As for computing the dot product...

import cudf
import numpy
import pandas

rows = 20000000

values_a = [float(x) for x in list(range(rows))]
values_b = [float(x) for x in list(reversed(range(rows)))]
values_c = [float(x) for x in list(range(rows))]

def create_cudf_dataframe():
    return cudf.DataFrame([
        ('a_in', values_a),
        ('b_in', values_b),
        ('c_in', values_c)
    ])

def create_pandas_dataframe():
    return pandas.DataFrame(
        data = {
            'a_in': values_a,
            'b_in': values_b,
            'c_in': values_c
        }
    )


def test_cudf(df = None):

    print('\ncomputing dot product using cudf')

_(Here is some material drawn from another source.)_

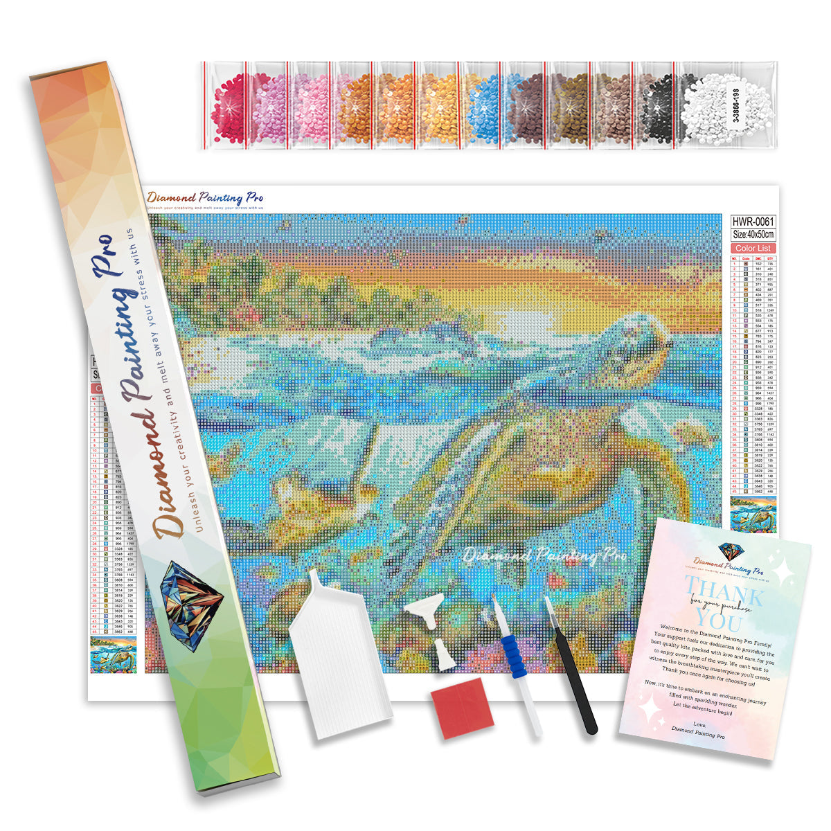 Full Drill Canvas (15.8"x19.7" / 40x50cm): Immerse yourself in the full diamond painting experience with the perfect canvas size for detailed masterpieces. Crafted with care using premium HD quality tarpaulin canvas, it's durable, waterproof, moisture-proof, and wrinkle-free, ensuring a stress-free painting process. Crystal-clear symbols provide easy guidance, while poured-glue canvas adhesive secures your diamonds, maintaining pattern visibility with the transparent cover.

    def kernel(a_in, b_in, c_in, dot):
         for i, (a, b, c) in enumerate(zip(a_in, b_in, c_in)):
             dot[i] = a * b * c

    if df is None:
        print(' - creating dataframe using cudf')
        df = create_cudf_dataframe()

    df = df.apply_rows(
        kernel,
        incols=['a_in', 'b_in', 'c_in'],
        outcols=dict(dot=numpy.float64),
        kwargs=dict(),
        cache_key='dot_product_3'
    )

    dp = df['dot'].sum()

    print(dp);


def test_pandas(df = None):
    print('\ncomputing dot product using pandas')
    if df is None:
        print(' - creating dataframe using pandas')
        df = create_pandas_dataframe()

    a = df['a_in']
    b = df['b_in']
    c = df['c_in']

    dp = a.mul(b).mul(c).sum()

    print(dp)

cudf_df = create_cudf_dataframe()
pandas_df = create_pandas_dataframe()

%time test_cudf()
%time test_cudf(cudf_df)
%time test_pandas()
%time test_pandas(pandas_df)

And performance results on [email protected] in jupyter running on an i7 6700-k with 32GB ram and a GTX 1080 ti.

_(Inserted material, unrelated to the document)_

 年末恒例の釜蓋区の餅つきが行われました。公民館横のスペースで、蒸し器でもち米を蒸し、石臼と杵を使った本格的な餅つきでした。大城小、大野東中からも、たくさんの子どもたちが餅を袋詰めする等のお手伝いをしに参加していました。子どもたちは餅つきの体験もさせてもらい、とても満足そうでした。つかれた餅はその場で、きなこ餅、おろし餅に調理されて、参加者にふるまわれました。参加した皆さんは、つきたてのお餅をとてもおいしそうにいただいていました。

computing dot product using cudf
 - creating dataframe using cudf
1.333333066666688e+28
CPU times: user 1.78 s, sys: 273 ms, total: 2.06 s
Wall time: 2.05 s

computing dot product using cudf
1.333333066666689e+28
CPU times: user 19.4 ms, sys: 24 ms, total: 43.4 ms
Wall time: 43.1 ms

computing dot product using pandas
 - creating dataframe using pandas
1.3333330666666836e+28
CPU times: user 7.81 s, sys: 781 ms, total: 8.59 s
Wall time: 8.57 s

computing dot product using pandas
1.3333330666666836e+28
CPU times: user 125 ms, sys: 120 ms, total: 245 ms
Wall time: 245 ms

Answer 2

I've been looking for a solution to this question for a while as well, and my cuDF/cupy/numba skills are now up to the task:

import cudf
import cupy as cp
x = cudf.DataFrame({'a': np.arange(10), 'b': np.arange(10), 'c': np.arange(10)})
X = cp.asarray(x.as_gpu_matrix())
y = cudf.DataFrame.from_gpu_matrix((X.T).dot(X))
y.columns = x.columns
print(y)

Out:

     a    b    c
0  285  285  285
1  285  285  285
2  285  285  285

Transfers from cudf to cupy and back are all zero-copy!